But threatening volunteers, military experts warn, could be the quickest way to ensure a return to the draft. According to O'Hanlon at the Brookings Institute, such "callousness" may make it impossible to recruit new soldiers - no matter how much money you throw at them. And if bigger sign-up bonuses and more aggressive recruitment tactics don't do the trick, says Helmly of the Army Reserve, it could "force the nation into an argument" about reinstating the draft.

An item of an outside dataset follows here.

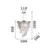 Sorgente Luminosa: E14 max 12 x 40 W (lampadina non inclusa) – 220-240V – Dimmer determinato dalla lampadina- IP20. Dimensioni: H min 940 / max 2690 mm Ø 500 mm

In the end, it may simply come down to a matter of math. In January, Bush told America's soldiers that "much more will be asked of you" in his second term, even as he openly threatened Iran with military action. Another war, critics warn, would push the all-volunteer force to its breaking point. "This damn thing is just an explosion that's about to happen," says Rangel. Bush officials "can say all they want that they don't want the draft, but there's not going to be that many more buttons to push."

Nickdfresh
02-12-2005, 03:46 PM
Perhaps the crisis with North Korea may go a long way to justifying the current Administrations "need for every young person (except my daughters) to do their patriotic public service."

academic punk
02-12-2005, 03:54 PM
I don't believe it.

If Bush learned anything from his father, it's to keep your campaign promises. (Remember "No new taxes"? of course you do) Bush vowed that there will not be a draft, period.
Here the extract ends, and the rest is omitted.